(Data to process Opens)

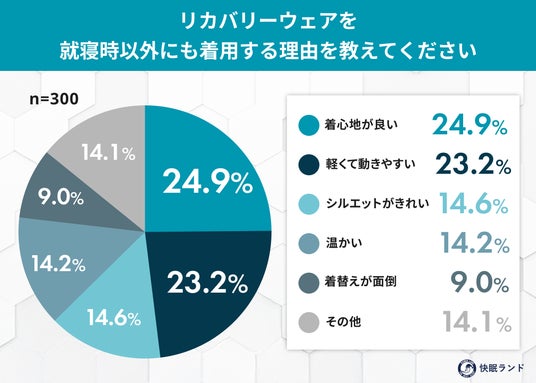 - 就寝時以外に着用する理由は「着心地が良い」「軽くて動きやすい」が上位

(Data to process Closes)
(Data to process Opens)

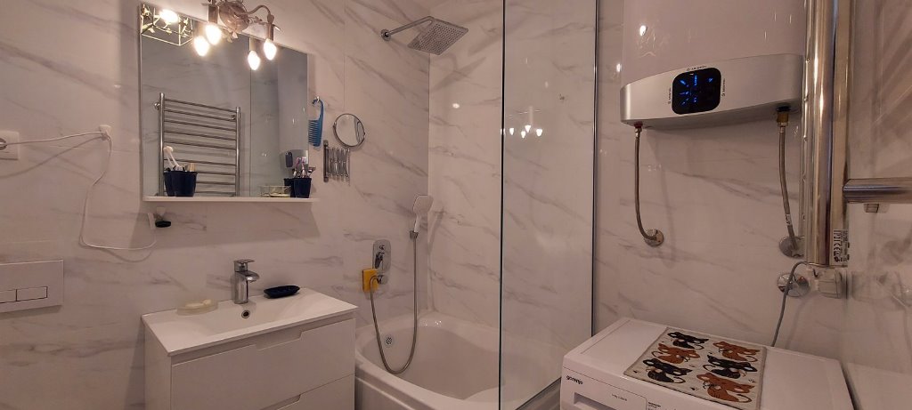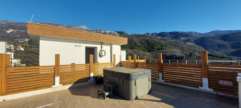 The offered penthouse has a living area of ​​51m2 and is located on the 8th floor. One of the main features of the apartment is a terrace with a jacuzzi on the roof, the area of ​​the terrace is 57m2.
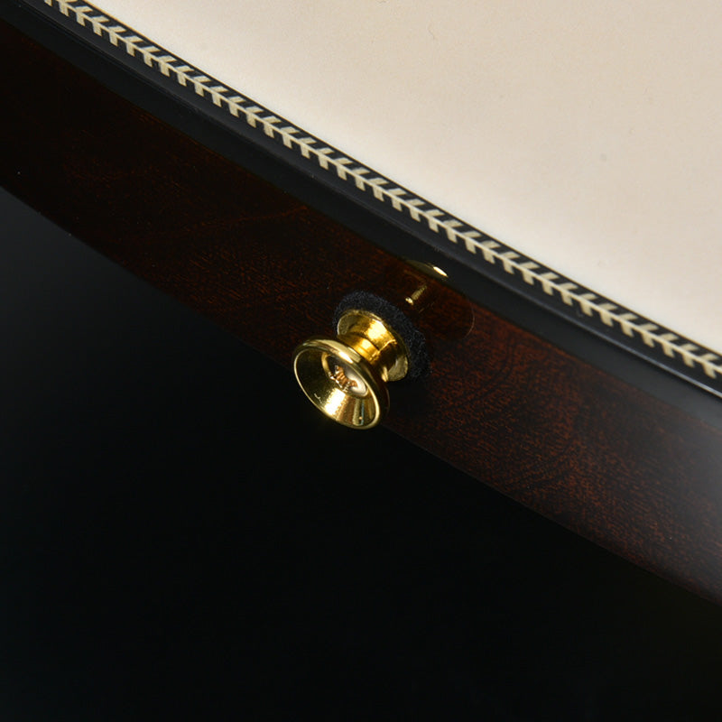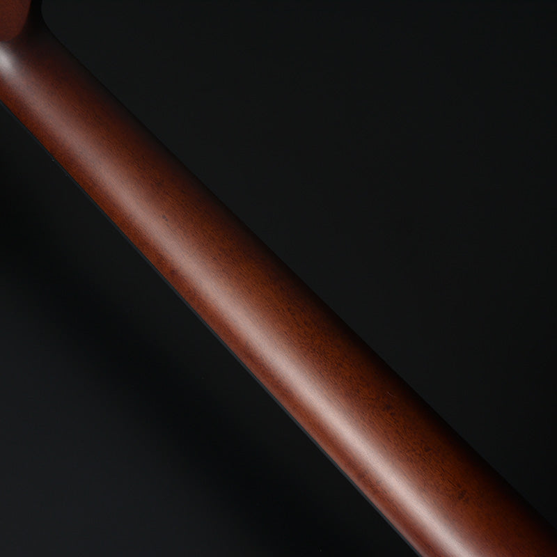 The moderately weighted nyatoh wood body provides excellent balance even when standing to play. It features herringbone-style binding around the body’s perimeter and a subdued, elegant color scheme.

(Data to process Closes)
(Data to process Opens)

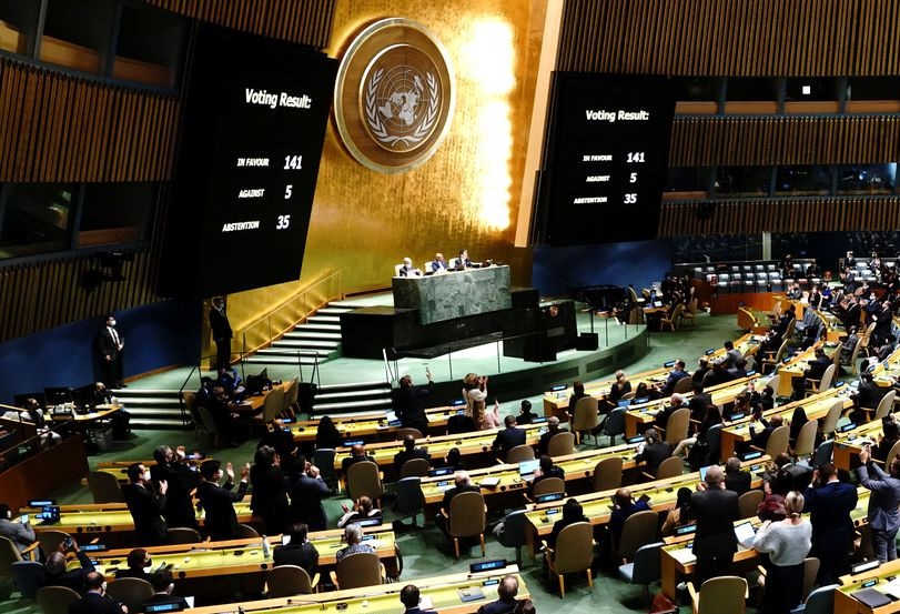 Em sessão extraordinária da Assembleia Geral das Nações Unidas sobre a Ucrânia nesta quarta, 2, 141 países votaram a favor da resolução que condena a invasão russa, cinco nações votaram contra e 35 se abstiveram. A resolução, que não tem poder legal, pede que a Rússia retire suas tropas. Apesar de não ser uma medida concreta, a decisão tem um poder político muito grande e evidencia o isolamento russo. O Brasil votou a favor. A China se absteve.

(Data to process Closes)

Exercise directions: Using the data above, output the line that has "The offered penthouse", the line that has "The moderately weighted", and whatever lines fall between, each exactly as it stands and without pictures.

Exercise result:
 The offered penthouse has a living area of ​​51m2 and is located on the 8th floor. One of the main features of the apartment is a terrace with a jacuzzi on the roof, the area of ​​the terrace is 57m2.
 The moderately weighted nyatoh wood body provides excellent balance even when standing to play. It features herringbone-style binding around the body’s perimeter and a subdued, elegant color scheme.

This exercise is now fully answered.